- _THE TASK_: Everything below from the line with "A GOOD BOUCHERON" to the last line, both included, is to be written out exactly, with nothing added.

- _GIVEN DATA_:
▼▼▼

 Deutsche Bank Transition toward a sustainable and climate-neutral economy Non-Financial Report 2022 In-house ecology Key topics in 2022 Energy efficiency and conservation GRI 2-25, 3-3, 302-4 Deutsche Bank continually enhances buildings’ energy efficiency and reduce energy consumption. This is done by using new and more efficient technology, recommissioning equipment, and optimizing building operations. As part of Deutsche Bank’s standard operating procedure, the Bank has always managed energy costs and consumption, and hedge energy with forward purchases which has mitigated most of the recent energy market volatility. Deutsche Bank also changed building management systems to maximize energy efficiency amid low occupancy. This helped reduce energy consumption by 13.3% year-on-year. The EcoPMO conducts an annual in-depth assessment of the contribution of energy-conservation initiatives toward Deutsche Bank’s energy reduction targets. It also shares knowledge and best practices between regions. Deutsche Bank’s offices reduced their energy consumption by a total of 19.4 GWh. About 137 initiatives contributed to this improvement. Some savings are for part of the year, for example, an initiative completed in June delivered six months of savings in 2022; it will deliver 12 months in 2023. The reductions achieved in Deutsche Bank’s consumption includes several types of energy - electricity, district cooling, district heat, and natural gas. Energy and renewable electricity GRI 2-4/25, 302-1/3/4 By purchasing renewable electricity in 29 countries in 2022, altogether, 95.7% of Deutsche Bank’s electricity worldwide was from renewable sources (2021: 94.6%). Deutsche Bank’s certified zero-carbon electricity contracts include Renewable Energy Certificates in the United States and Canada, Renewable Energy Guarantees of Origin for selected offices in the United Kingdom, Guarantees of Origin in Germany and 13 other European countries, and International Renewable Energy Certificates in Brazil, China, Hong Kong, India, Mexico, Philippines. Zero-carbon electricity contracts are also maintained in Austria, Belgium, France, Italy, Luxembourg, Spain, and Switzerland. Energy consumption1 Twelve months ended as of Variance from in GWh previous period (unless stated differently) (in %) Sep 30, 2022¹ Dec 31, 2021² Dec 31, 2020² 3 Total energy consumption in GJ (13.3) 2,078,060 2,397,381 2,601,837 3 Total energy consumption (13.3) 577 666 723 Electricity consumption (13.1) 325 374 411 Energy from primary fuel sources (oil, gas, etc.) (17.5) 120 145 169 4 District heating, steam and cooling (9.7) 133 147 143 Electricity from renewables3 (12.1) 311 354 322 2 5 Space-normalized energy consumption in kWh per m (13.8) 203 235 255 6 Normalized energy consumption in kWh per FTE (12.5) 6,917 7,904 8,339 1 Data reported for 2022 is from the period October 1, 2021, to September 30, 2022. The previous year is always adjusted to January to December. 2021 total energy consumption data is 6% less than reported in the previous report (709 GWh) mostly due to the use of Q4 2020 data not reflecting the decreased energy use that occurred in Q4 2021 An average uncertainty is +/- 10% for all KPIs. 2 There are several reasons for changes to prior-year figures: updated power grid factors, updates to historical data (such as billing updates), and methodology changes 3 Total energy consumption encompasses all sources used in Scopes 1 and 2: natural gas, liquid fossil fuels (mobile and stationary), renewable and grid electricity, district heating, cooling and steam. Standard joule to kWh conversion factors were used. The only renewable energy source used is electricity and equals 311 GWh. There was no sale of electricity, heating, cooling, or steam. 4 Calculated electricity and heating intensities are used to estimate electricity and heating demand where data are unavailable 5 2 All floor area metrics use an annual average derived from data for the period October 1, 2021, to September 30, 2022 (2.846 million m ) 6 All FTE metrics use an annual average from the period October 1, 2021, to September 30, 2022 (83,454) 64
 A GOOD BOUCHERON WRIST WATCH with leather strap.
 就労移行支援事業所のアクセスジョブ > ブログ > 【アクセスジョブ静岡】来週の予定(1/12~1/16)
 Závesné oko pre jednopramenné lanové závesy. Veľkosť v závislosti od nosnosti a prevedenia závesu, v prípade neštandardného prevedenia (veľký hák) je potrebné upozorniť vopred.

▲▲▲

- _RESPONSE BOX_:
 A GOOD BOUCHERON WRIST WATCH with leather strap.
 就労移行支援事業所のアクセスジョブ > ブログ > 【アクセスジョブ静岡】来週の予定(1/12~1/16)
 Závesné oko pre jednopramenné lanové závesy. Veľkosť v závislosti od nosnosti a prevedenia závesu, v prípade neštandardného prevedenia (veľký hák) je potrebné upozorniť vopred.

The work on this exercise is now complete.